Санька потянул на себя дверь и оказался в кабинете размером с их вагончик, но с большим окном. Неумолимые солнечные лучи пробирались через микроскопические дырочки в плотной темной занавеске, ореолом окружая голову сидящего спиной к окну человека. Человек поднялся и через стол протянул Саньке руку:
– Здравствуйте! Зовите меня Иван Иванович!
– Здравствуйте! – Санька пожал протянутую руку; ладонь была сухая и твердая. – Александр Чолункин по вашему вызову…
– Приглашению, – поправил Саньку Иван Иванович.
– По вашему приглашению.
– Присаживайтесь! – указал Иван Иванович на жесткий стул с черным коленкоровым сиденьем, стоявший почти посередине комнаты, а сам шагнул вбок, к огромному несгораемому шкафу, в личинке которого торчал ключ.
Над шкафом в золоченой раме висел портрет Генерального секретаря ЦК КПСС Никиты Сергеевича Хрущева, главного разоблачителя сталинского культа. Мягкий полурасплывшийся овал, оттопыренные уши, утиный нос, и две выпуклые родинки. У Саньки вдруг необъяснимо заныло под ложечкой. Почему-то вспомнился улыбающийся портрет Сталина в кабинете директора школы, и Санька не мог объяснить себе, отчего на него накатила такая тревога.

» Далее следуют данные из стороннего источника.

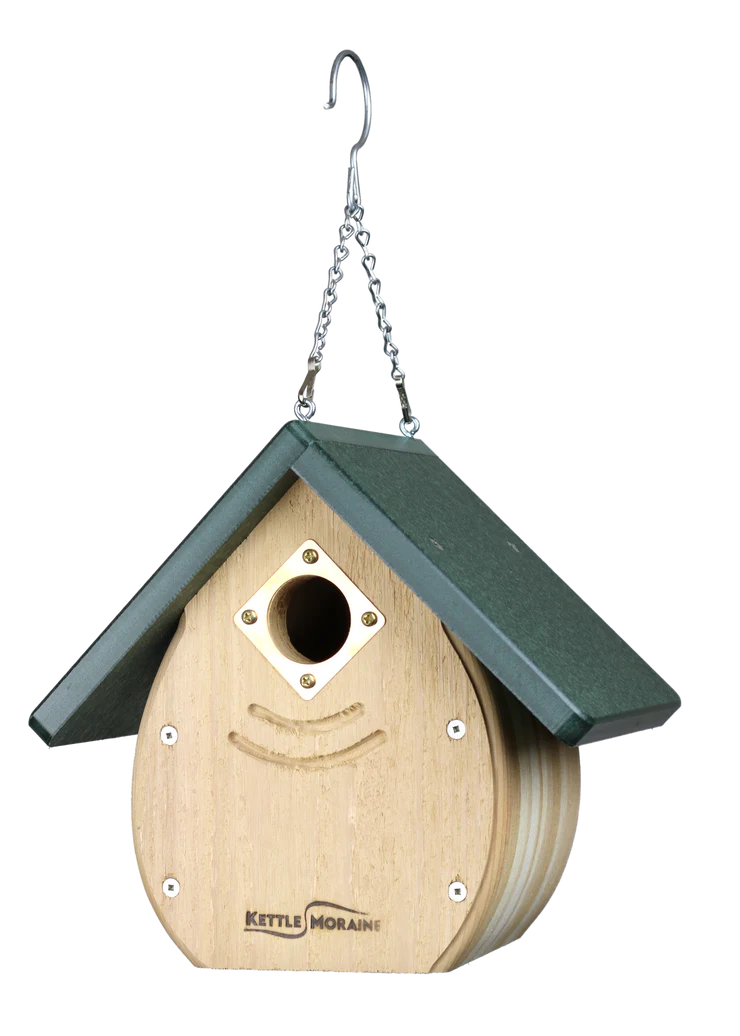 This charming nest box is ready to hang straight from the box. It is designed as the perfect size for wrens or chickadees. The bottom removes for easy cleaning. The Tear Drop is a very sturdy house that will last for many years!
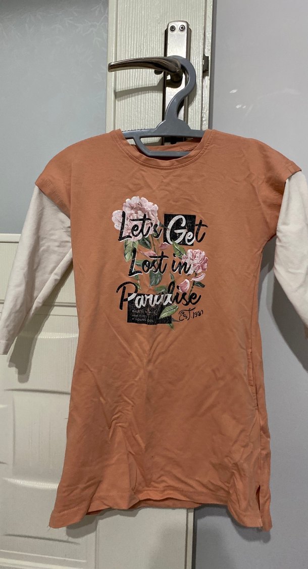 Bej Baskılı Uzun Kollu Kız tişört elbise
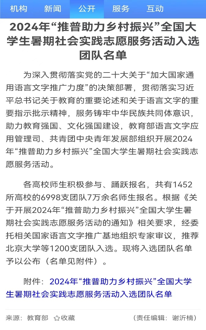 近日,九江学院文学院组织申报的“文小青”志愿服务队入选由教育部语言文字应用管理司、共青团中央青年发展部组织开展的2024年“推普助力乡村振兴”全国大学生暑期社会实践志愿服务队。本次活动共有1452所高校的6998支团队,共计7万余名师生报名参与,经过严格的专家审议,我校文学院团队成功入选。
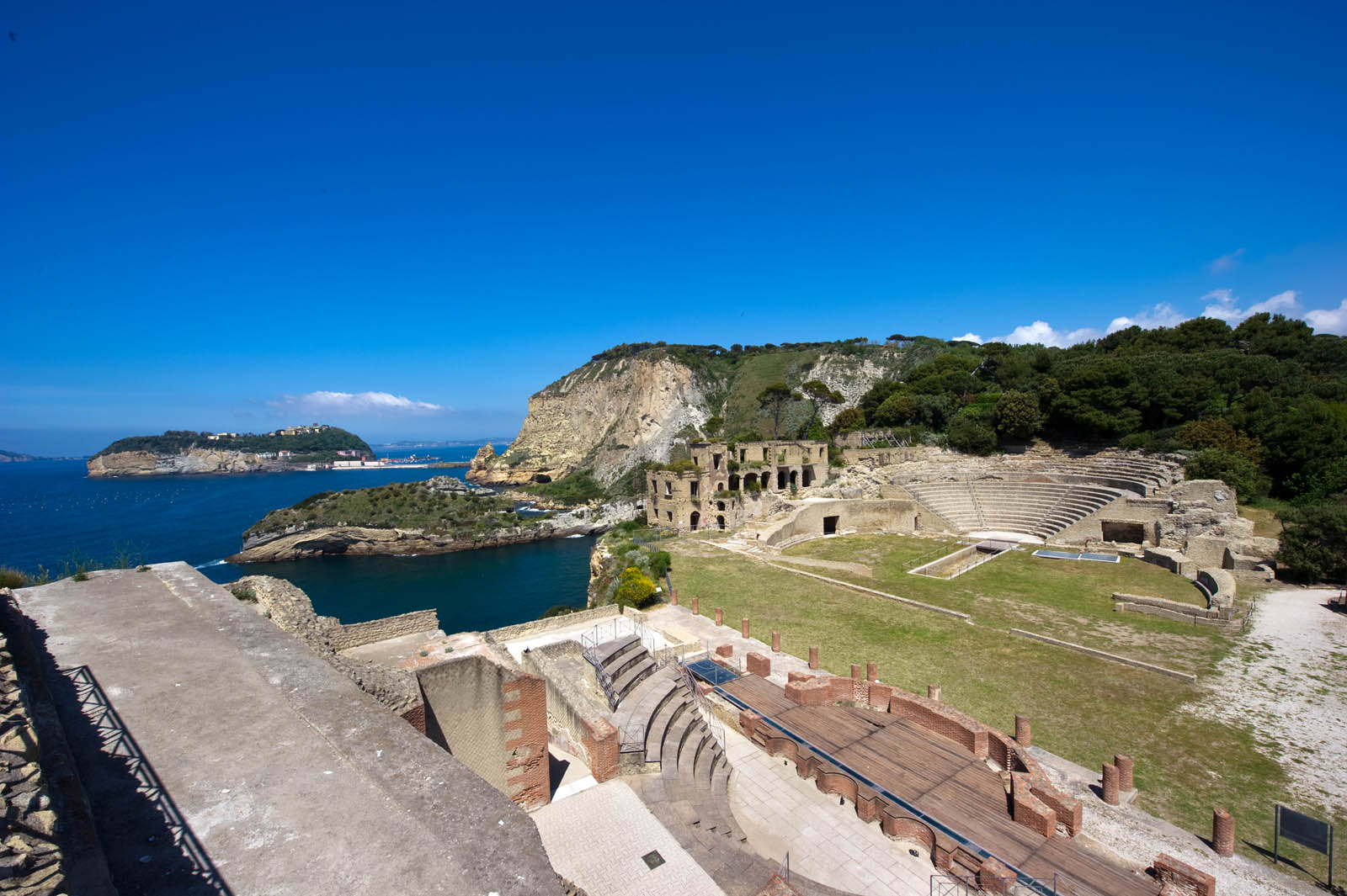 Una visita guidata consente di scoprire l'imponente galleria scavata nel tufo, lunga quasi 800 metri, e il parco archeologico con le rovine della villa di Pollione e dell'anfiteatro. Il panorama è da togliere il fiato.
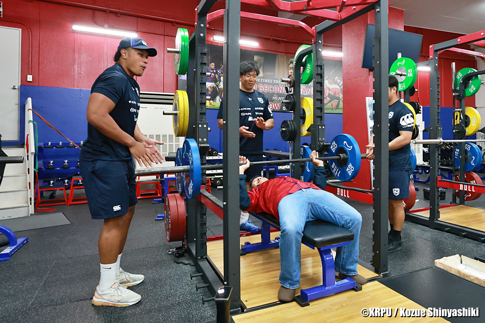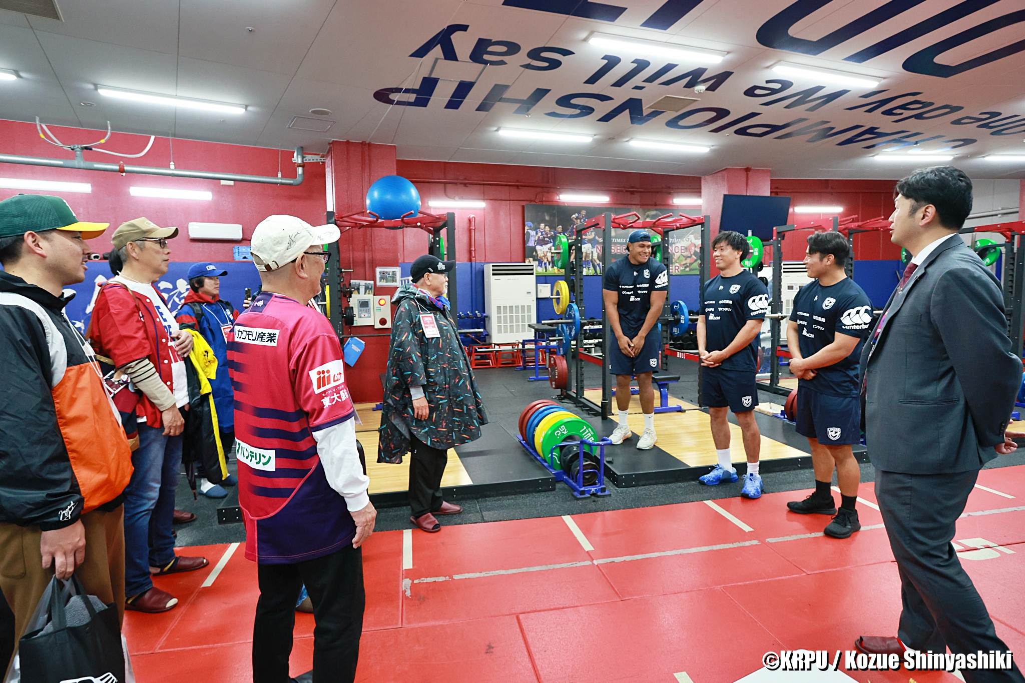 選手が普段練習しているチームジムやクラブハウス内を見学。ノンメンバーの選手がトレーニングしている様子をご覧いただいたり、実際にトレーニングの体験も。ヴィンセント・セフォ選手、菅原貴人選手、石浦大貴選手が同行し、マシーンの使用方法のレクチャーや普段のトレーニングの様子についてお話ししました。

Иван Иванович вернулся к столу с тоненькой серо-коричневой папочкой. Неспешно уселся на место, включил настольную лампу, принялся распутывать завязки. Санька не знал, куда девать руки. Сначала сцепил на животе, потом подсунул под себя, потом положил на колени… Ладони были горячие и жгли сквозь брюки.
Наконец папка была развязана и тонкий машинописный лист извлечен на свет лампы. Иван Иванович откинулся на стуле и, склонив голову набок, спросил:
– Могу я вас называть просто Сашей?
– Конечно, – кивнул Санька.
– Скажите, Саша, у вас есть мечта?
Санька потерял дар речи. Он поколебался, но все-таки решился:
– Хочу стать летчиком.
– Летчиком? Отлично! То есть хотите служить Родине?
– Да!
– Похвально. Знаю, что здоровье у вас в норме. Медкомиссию в Алма-Ате вы успешно прошли.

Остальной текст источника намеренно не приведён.